Claiming our Future : Guest Blog

Petition Campaign for More Women in the Dáil

If you have noticed how few women candidates are calling to your door, it is because this time fewer than 1 in 6 of candidates are women – in 4 constituencies there are no women candidates running at all! The Dáil that is formed after the election is unlikely to contain many more women than the last one and we already had one of the worst records in the world for women’s participation in politics.
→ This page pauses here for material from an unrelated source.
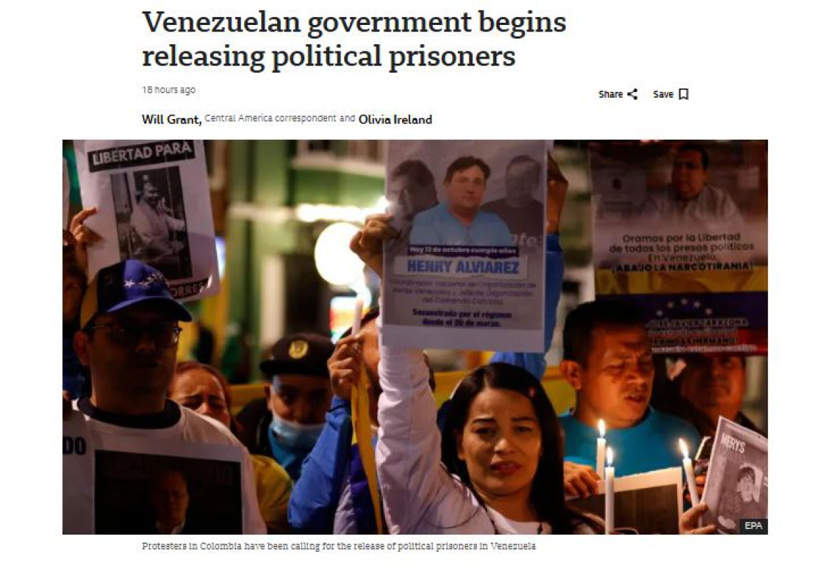 ဗင္နီဇြဲလားအစိုးရသည္ ႏိုင္ငံေရးအက်ဥ္းသားမ်ားကို ဇန္နဝါရီ ၉ ရက္တြင္ စတင္ျပန္လႊတ္ေပးခဲ့ေၾကာင္း သိရသည္။ ႏိုင္ငံေရးအက်ဥ္းသားမ်ားကို ျပန္လႊတ္ေပးမႈသည္ ဗင္နီဇြဲလားအစိုးရကို အေမရိကန္အစိုးရက ကာလ အတန္ၾကာေတာင္းဆိုေနသည့္အခ်က္မ်ားထဲတြင္ ပါဝင္ေၾကာင္း သိရသည္။
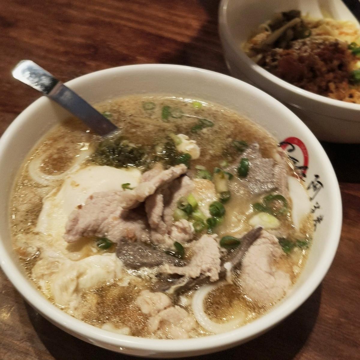 最有印象的是豬肝嫩不會乾柴,湯頭偏油,配料有半熟蛋、豬肝、豬肉片

Of course, it is already too late to do anything about the candidates for February’s election. But if we want to be in time to change this blatant inequality for the next election, we need to start right now.
As part of our programme for political reform, Claiming our Future, is organising an on-line petition calling on the parties that form the new Government to include measures which will ensure that political parties put a more balanced and equal selection of candidates in front of the people in future elections. We need your help to put the pressure on – please sign your name on our website at www.claimingourfuture.ie and tell the next government that equality matters. Tell your friends and family too – forward this email on to them and ask them to sign, our first target is get 4,000 signatures by the end of this week, so please pass it on!

Best Regards

all at Claiming Our Future

2 thoughts on “Claiming our Future : Guest Blog

  1. Gender is a good place to begin… but it doesn’t end there

    In seeking a truly representative democracy, the 5050 Group has focused on gender as it is one of the basic organising principles of Irish society (as elsewhere). The rationale for doing so is clear. The 30th Dáil is 86% male. This imbalance of representation places Ireland 23rd out of the EU 27 Members States for female representation in parliament. Only Cyprus, Romania, Hungary and Malta are below us in this league table. (The 31st Dáil will have even less female political representation).
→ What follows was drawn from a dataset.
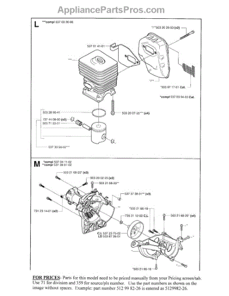 Parts for Husqvarna 123L: Cylinder Assembly, Housing, Clutch Drum Parts

    The Group is alert, however, to the reality of multiple inequalities (for example, gender, class, ‘race’/ethnicity, sexuality, disability and so forth), which cut across both men and women’s lives, affecting their life chances. A truly representative democracy should reflect this complex tapestry. The Oireachtas does not. For example, there is an absence of both working class men and women as elected representatives. There is a similar absence of men and women from the travelling as well as other minority groups. This reality is wholly unacceptable in a representative democracy like Ireland.
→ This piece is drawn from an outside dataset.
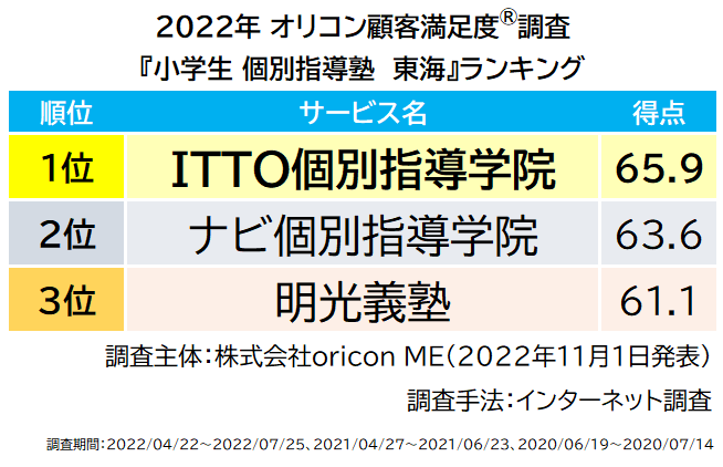 ▶首都圏:千葉県市川市に本社を置く【個太郎塾】が2年連続で総合1位に▶初発表 東海:名古屋市に本社を置く【ITTO個別指導学院】が総合1位に
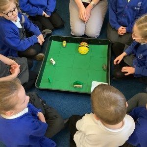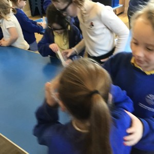 Today the children in 3/4 were writing a script for their own news coverage of an event that took place in a story we were learning about and then performed it for all of us.

    In seeking gender justice in the electoral context, the 5050 Group undertakes to promote a wider understanding of equality. This is our firm commitment. Furthermore, the international research demonstrates that an initial focus on Gender justice opens up wider debates on multiple inequalities and their lived impact. Quite simply, the 5050 Group believes that Gender parity in Irish political life is an excellent place to start from but it certainly doesn’t end there
    Margaret

  2. As the 50 50 group is pushing for Equal Political Representation in Ireland by 2020 will you be pushing for travellers, disabled and ethnic minorities to be represented in politics? Or will you discriminate just like the government you are challenging?